* RECORDS TO PROCESS
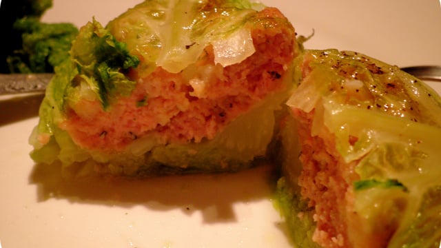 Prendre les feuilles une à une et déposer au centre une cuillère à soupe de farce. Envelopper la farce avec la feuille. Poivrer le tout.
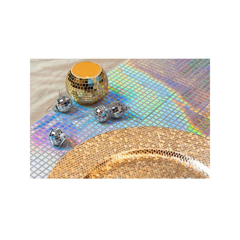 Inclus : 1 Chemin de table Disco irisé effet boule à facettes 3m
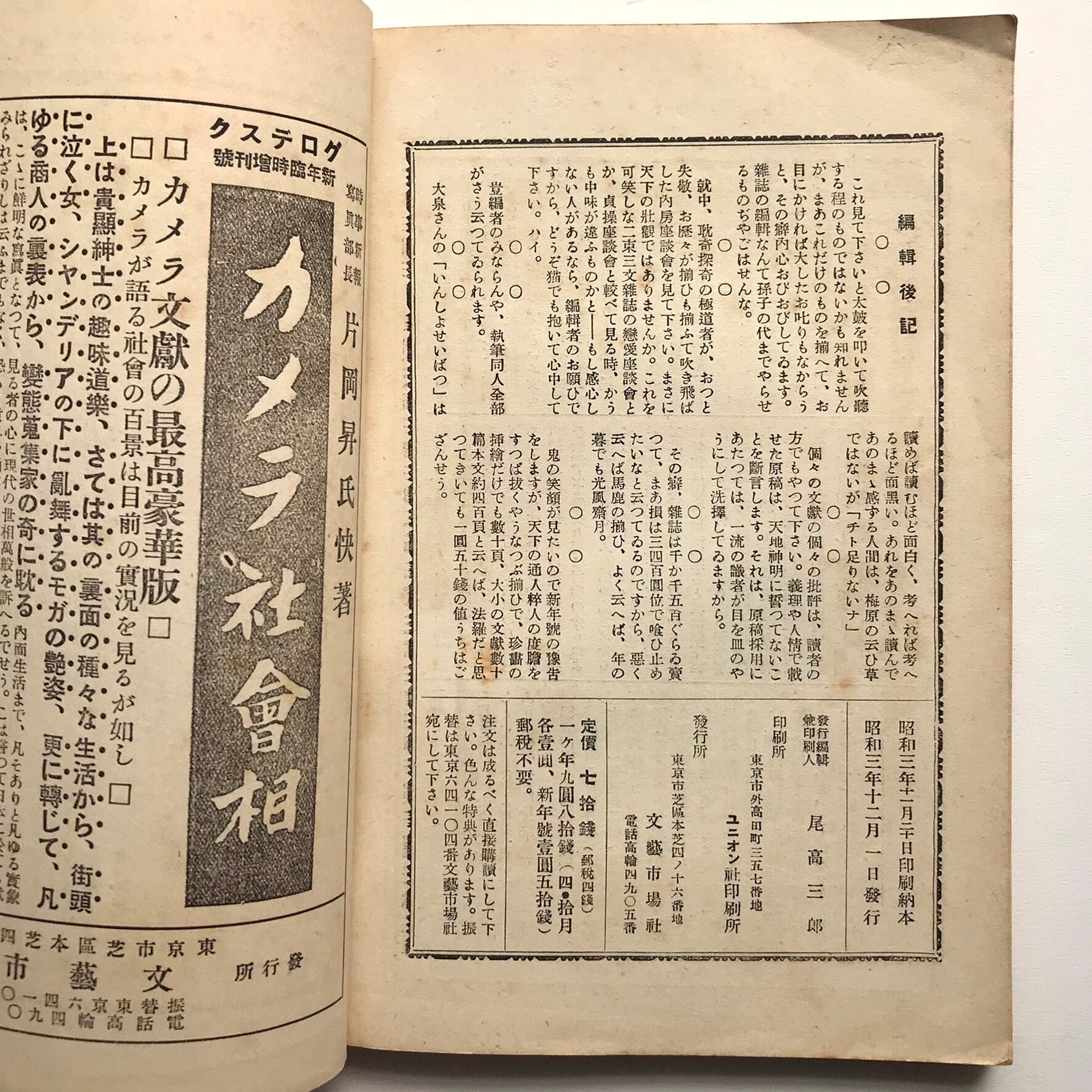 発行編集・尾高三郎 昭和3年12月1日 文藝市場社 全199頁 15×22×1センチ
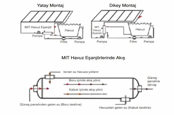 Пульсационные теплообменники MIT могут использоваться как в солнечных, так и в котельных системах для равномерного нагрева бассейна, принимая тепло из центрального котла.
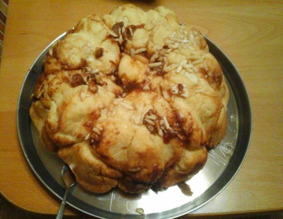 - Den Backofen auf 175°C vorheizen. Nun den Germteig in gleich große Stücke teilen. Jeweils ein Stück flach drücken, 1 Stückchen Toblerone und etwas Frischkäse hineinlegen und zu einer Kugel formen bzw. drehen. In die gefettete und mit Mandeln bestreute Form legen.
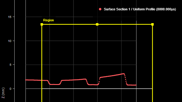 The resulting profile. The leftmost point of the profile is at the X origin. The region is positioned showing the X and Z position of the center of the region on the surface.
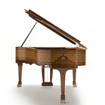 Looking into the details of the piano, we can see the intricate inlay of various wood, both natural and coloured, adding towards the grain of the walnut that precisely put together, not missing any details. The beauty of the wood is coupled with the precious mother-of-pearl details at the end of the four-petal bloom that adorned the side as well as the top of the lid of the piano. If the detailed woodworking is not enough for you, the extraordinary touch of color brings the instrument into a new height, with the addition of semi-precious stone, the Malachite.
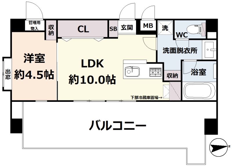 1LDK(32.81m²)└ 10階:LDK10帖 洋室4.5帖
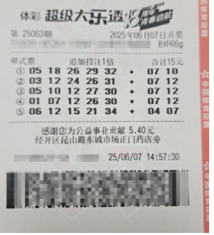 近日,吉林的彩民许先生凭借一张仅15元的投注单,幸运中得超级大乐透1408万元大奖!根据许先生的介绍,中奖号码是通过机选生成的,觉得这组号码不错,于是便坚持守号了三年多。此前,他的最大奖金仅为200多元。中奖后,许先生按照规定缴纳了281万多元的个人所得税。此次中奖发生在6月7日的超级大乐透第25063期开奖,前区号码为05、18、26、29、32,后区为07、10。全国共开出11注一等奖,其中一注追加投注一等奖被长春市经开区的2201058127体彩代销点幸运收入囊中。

* BRIEF
The lines to set down run from the line with "発行編集・尾高三郎 昭和3年12月1日 文藝市場社 全199頁 15×22×1センチ" up to and including the line with "Пульсационные теплообменники MIT" in the entries above. Reproduce them exactly, with no pictures.

* EXPECTED OUTPUT
 発行編集・尾高三郎 昭和3年12月1日 文藝市場社 全199頁 15×22×1センチ
 Пульсационные теплообменники MIT могут использоваться как в солнечных, так и в котельных системах для равномерного нагрева бассейна, принимая тепло из центрального котла.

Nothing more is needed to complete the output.